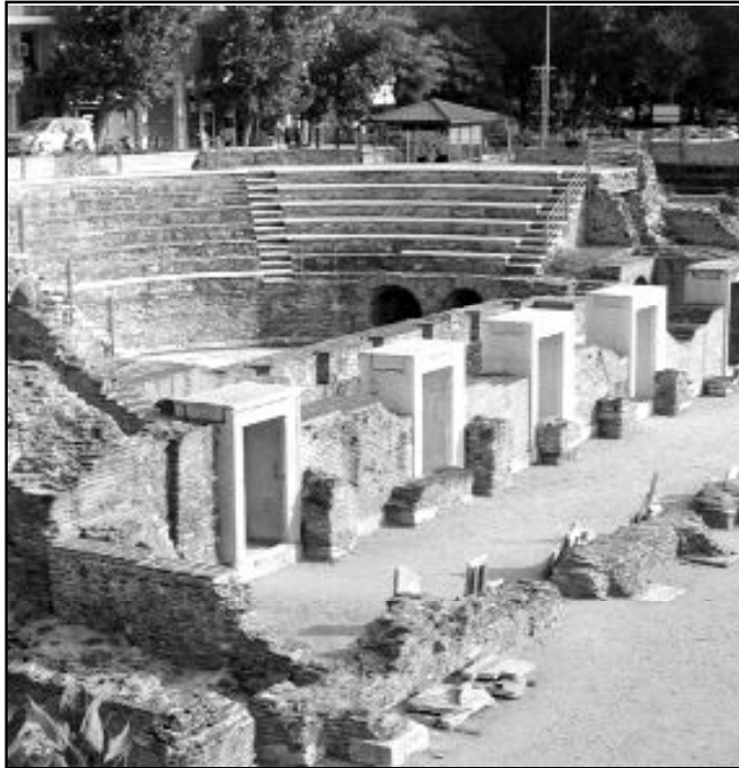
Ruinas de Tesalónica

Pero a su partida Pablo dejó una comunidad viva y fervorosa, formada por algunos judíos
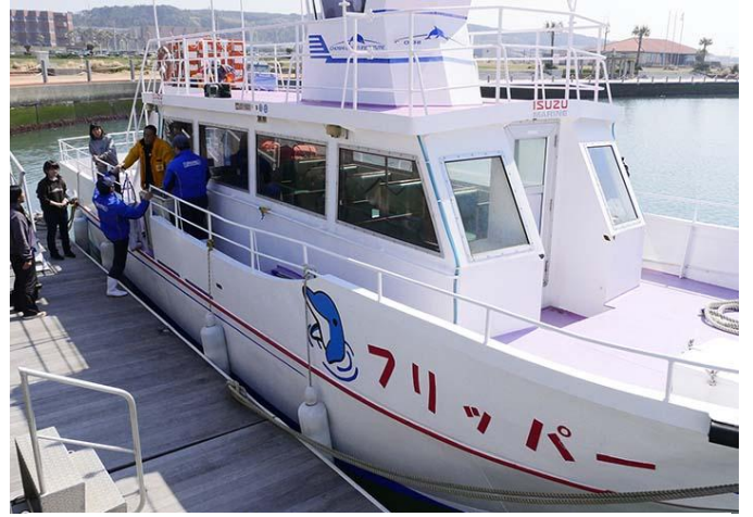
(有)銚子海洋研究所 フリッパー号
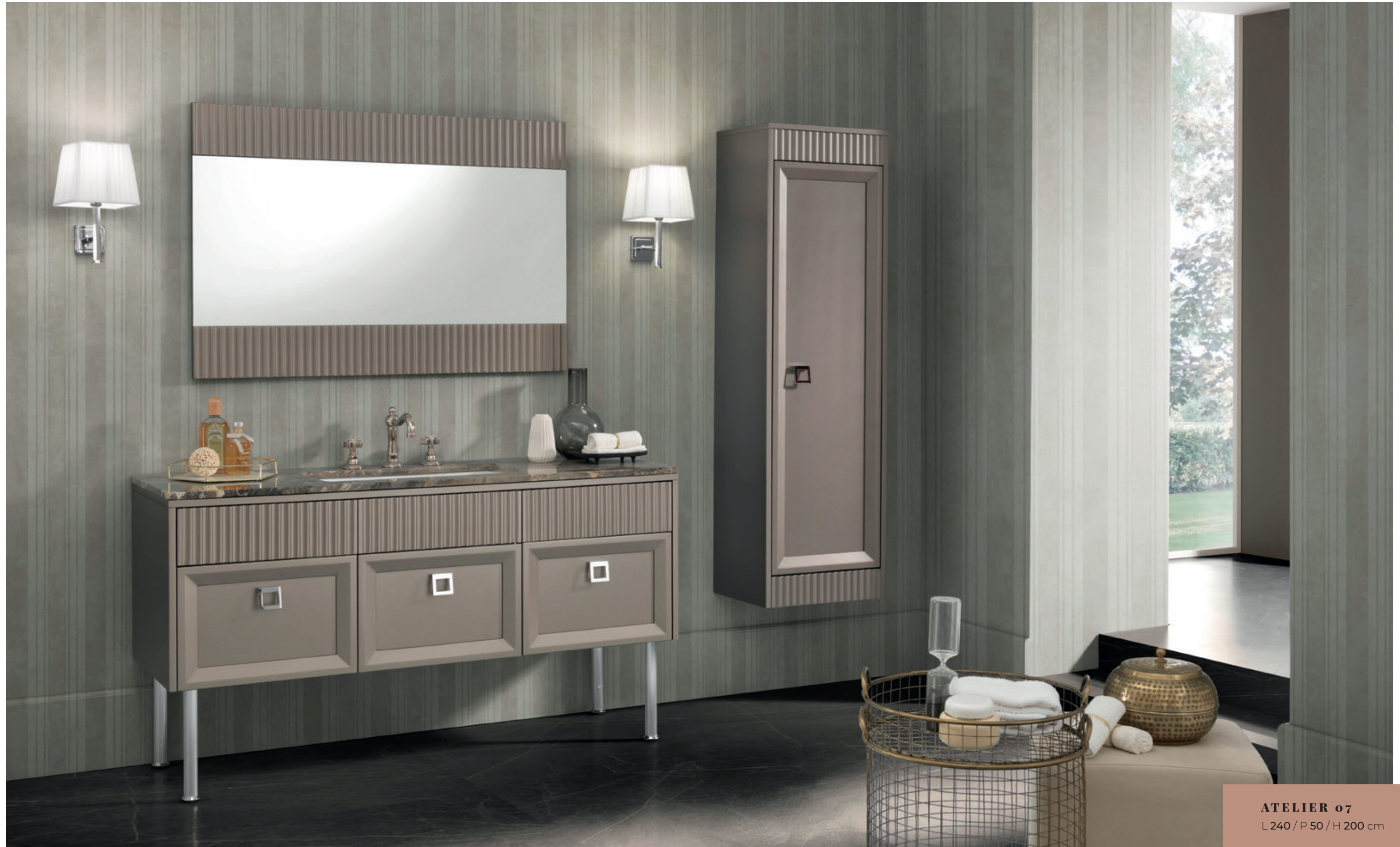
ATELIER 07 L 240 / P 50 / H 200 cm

━━━

◆ **Exercise directions**
Restating the data word for word is the task, and pictures are to be omitted.

◆ **Written answer**
Ruinas de Tesalónica

Pero a su partida Pablo dejó una comunidad viva y fervorosa, formada por algunos judíos
(有)銚子海洋研究所 フリッパー号
ATELIER 07 L 240 / P 50 / H 200 cm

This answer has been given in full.